Sep 09, 2024

News From the Oil Patch: Crude prices drop to 15-month lows

Posted Sep 09, 2024 6:39 PM
Photo by Pixabay
Photo by Pixabay

By JOHN P. TRETBAR
Eagle Media

The OPEC-Plus export alliance last week postponed its plans to increase crude oil production, but that was not enough to forestall a big drop in prices. The group kept in place its long-term plans to resume production increases, but pushed back the completion date by two months.

October NYMEX crude settled Friday at $67.67 per barrel, the lowest closing price since June of 2023, down $1.48 on the day and a weekly loss of nearly six dollars a barrel. Prices were a few cents higher in morning trading on Monday.

The average for the month of August was a fraction over $65.62 per barrel. The average for August last year was over $71.

Kansas Common Crude dropped a dollar and a half to start the week at $58 per barrel, down $5.75 in seven days and ten dollars less than the average price so far this year at CHS in McPherson.

The Kansas Corporation Commission reports 89 new intent-to-drill notices last month. After updating totals from March and April, the total for the year stands at 742 intents statewide, compared to 901 by the end of August last year.

Barton County reports six new intents, 23 so far this year. That's down from 29 a year ago but up from 13 through August of 2022. Ellis County notches two new ones, nine so far this year, compared to 24 a year ago and 16 the year before that. In Russell County there are eight new notices so far this year, which is double the tally by this time last year, but down one from 2022. Stafford County reports eleven new intents through August of this year, compared to 21 a year ago and 12 two years ago.

Rig counts are down across the country and across Kansas.

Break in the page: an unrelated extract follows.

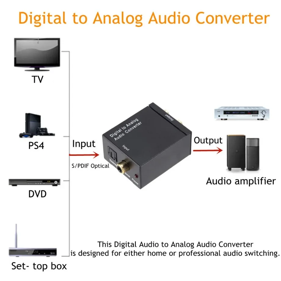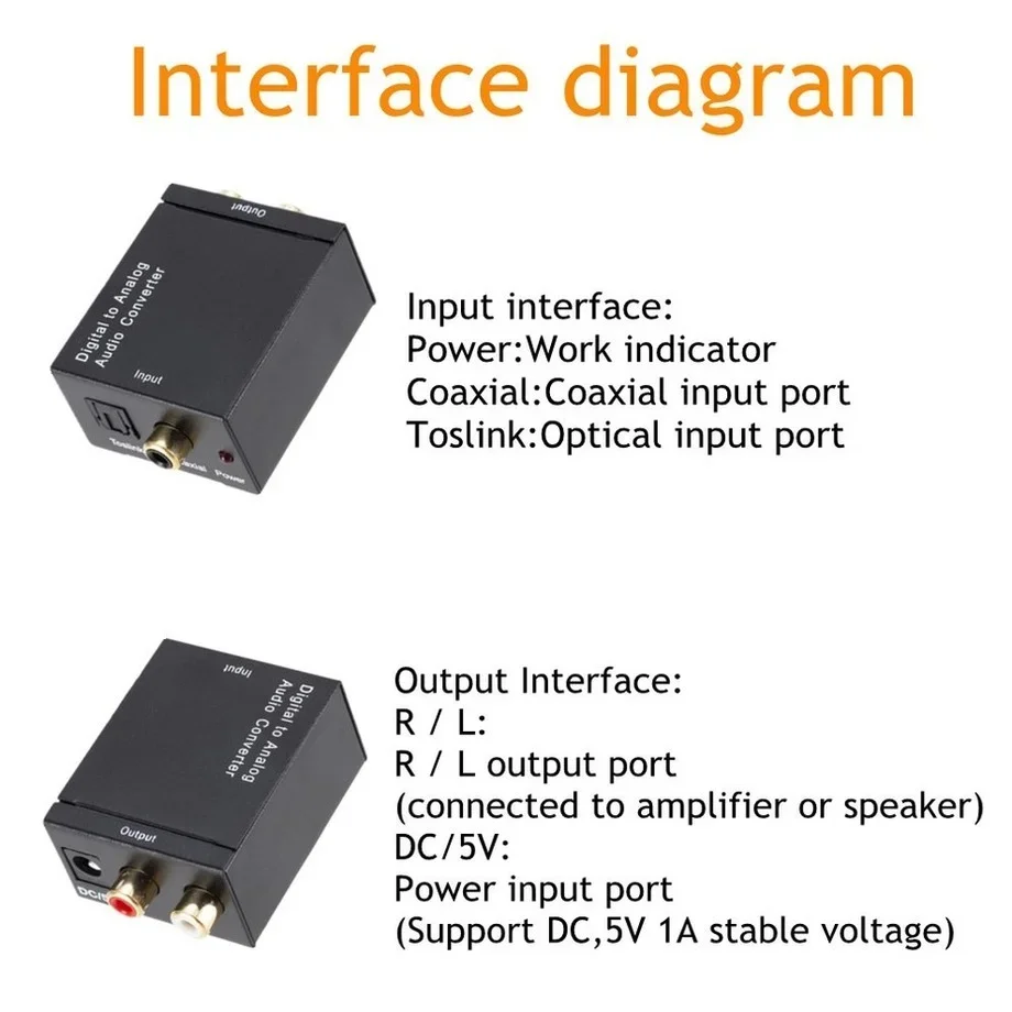 2. Convierte señales de audio PCM Digitales Coaxiales o Toslink en RCA L/R analógico y audio de 3,5mm simultáneamente (no se puede invertir).

Baker Hughes reported 582 active rigs nationwide, down one gas rig from last week, with declines in Colorado, Oklahoma and Pennsylvania, and increases in West Virginia and New Mexico.

Independent Oil and Gas Service reports ten active rigs in eastern Kansas, down one, and 15 rigs west of Wichita, which is unchanged. The statewide total is down 17% from a month ago and 31% lower than a year ago.

Independent Oil and Gas Service reports six new well completions across the state last week, 907 so far this year, which is down 145 completions from a year ago.

Kansas regulators report two new drilling permits in Barton County out of five in western Kansas and 21 statewide. With 685 so far this year, the statewide total lags behind last year by 149 permits.

The U.S. added 1.8 million barrels of crude to the Strategic Petroleum Reserve, the biggest weekly increase since DOE began refilling the reserves. Our refills are $16 a barrel cheaper than the original sales price, for a profit of nearly $29 million in the last week, and over $246 million since April.

EIA says commercial stockpiles dropped 6.9 million barrels to just over 418 million, their lowest level in eleven months.

U.S. crude production held steady at 13.3 million barrels per day. The four-week average is up four percent from the same four weeks last year. Cumulative production so far this year is up nearly seven percent from a year ago.

The U.S. imports more crude than we export by about two million barrels per day. We export more petroleum products than we import by about 5.5 million barrels a day. Thus, we are a net petroleum exporter by just under 3.5 million barrels per day.

Crude exports averaged 3.7 million barrels a day. Four-week average crude exports are up nearly a million barrels a day over last year.  Petroleum product exports averaged 7.3 million barrels a day.

U.S. crude imports were down 768,000 daily barrels to 5.8 million last week. Over the last four weeks, crude imports averaged 6.3 million barrels a day, down eight percent from a year ago. Product imports averaged 1.8 million barrels a day.

U.S. operators produced nearly 2.4 billion barrels of crude oil in the first six months of the year. That's just over 13 million barrels a day. The tally in Kansas for January through June is 72,846 barrels per day. The government's monthly production report shows U.S. output rose to 13.2 million barrels per day in June, the latest data available. That's the second best monthly average this year. 

Production in the Sunflower State averaged 77,000 barrels a day in June. Output here rose two percent from May but was down slightly from June of last year. Operators in Texas pumped nearly 5.6 million barrels a day, or more than 42% of the national total.

Exxon Mobil recently joined with Pioneer Natural Resources in a $60 billion merger. Now they're selling off producing conventional wells in the Permian's Central Basin in what could be a billion dollar offering. According to Bloomberg, the value of mergers and acquisitions in the oil and gas sector this year has doubled to over $210 billion.